The conductor 11 may be inserted through a large number of unit cores 15, 15,.

The two conductors 11 are connected to the core 2 for the inductive element.
, Can be formed into a transformer in which one conductor 11 becomes a primary winding and the other conductor 11 becomes a secondary winding.

According to the above-described core 2 for an inductive element, the unit core 15 is arranged on one surface of the base core 6, so that the shape can be made thin. The number of the unit cores 15 can be easily increased or decreased by increasing or decreasing the number of the rectangular projections 5, 5,. Furthermore, the core 2 for an inductive element can be used as an inductor or a transformer by adjusting the number of conductors.

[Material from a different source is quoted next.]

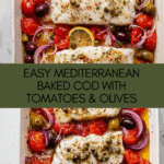 Mediterranean Baked Cod is a vibrant, flavorful dish that combines tender fish with roasted tomatoes, olives, and aromatic herbs. It’s a simple yet elegant meal perfect for a healthy weeknight dinner or entertaining guests.
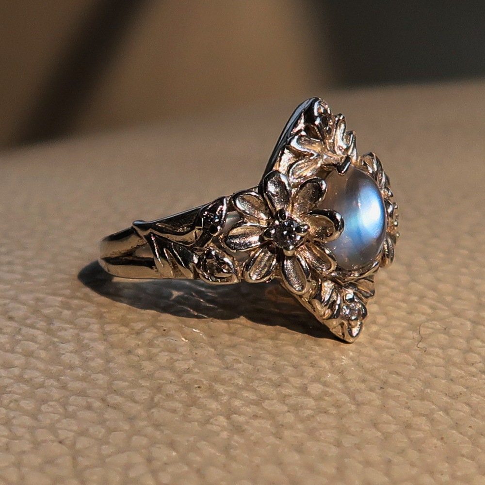 This stunning Moonstone Ring is a beautiful piece of jewelry that features a solitaire flower design with an oval-shaped Moonstone at its center. The Moonstone is surrounded by 8 sparkling cubic zirconia (CZ) stones, adding a touch of brilliance and elegance to the ring. Handmade from high-quality sterling silver, this ring is not only a stylish accessory but also a meaningful gift for her.

According to the inductor 1 described above, since the core 2 for the inductive element is provided, the shape can be reduced. Further, in the inductor 1 described above, one or more unit cores 15 provided in the core 2 for the inductive element are provided.
A predetermined inductance can be generated by the conductor 11 inserted into the unit core 15.
In addition, the inductor 1 described above adjusts the number of the unit cores 15 of the unit cores 15 into which the conductive wires 11 are inserted, so that
That is, the inductance can be easily adjusted by inserting the conductive wire 11 into only a part of the unit core 15.

[0010]

The core 2 for the inductive element described above is made of a ferrite material such as Mn-Zn ferrite or Ni-Zn ferrite having high magnetic permeability and saturation magnetic flux density, or a material such as Permalloy. Metal materials such as Sendust and amorphous alloys have been used.

The ferrite material is generally excellent in workability, and the base core 6 can be easily manufactured by putting the ferrite powder into a mold having a predetermined shape and firing it, or processing a block of the ferrite material with a grindstone or the like. can do. However, in the inductor 1 manufactured using the conventional ferrite material, there is a problem that the core loss of the core 2 for the inductive element increases when a sine wave alternating current in a high frequency band is applied. Further, when a transformer is manufactured using a conventional ferrite material, the core loss of the core 2 for the inductive element increases when an alternating current in a high frequency band is applied, and the power transmission efficiency decreases. was there. In addition, when the base core is manufactured using a metal material, the shape of the base core 6 is complicated, so that it is difficult to form the base core. Even if the base core 6 can be formed, it is difficult to make the shape thin. There was a problem that.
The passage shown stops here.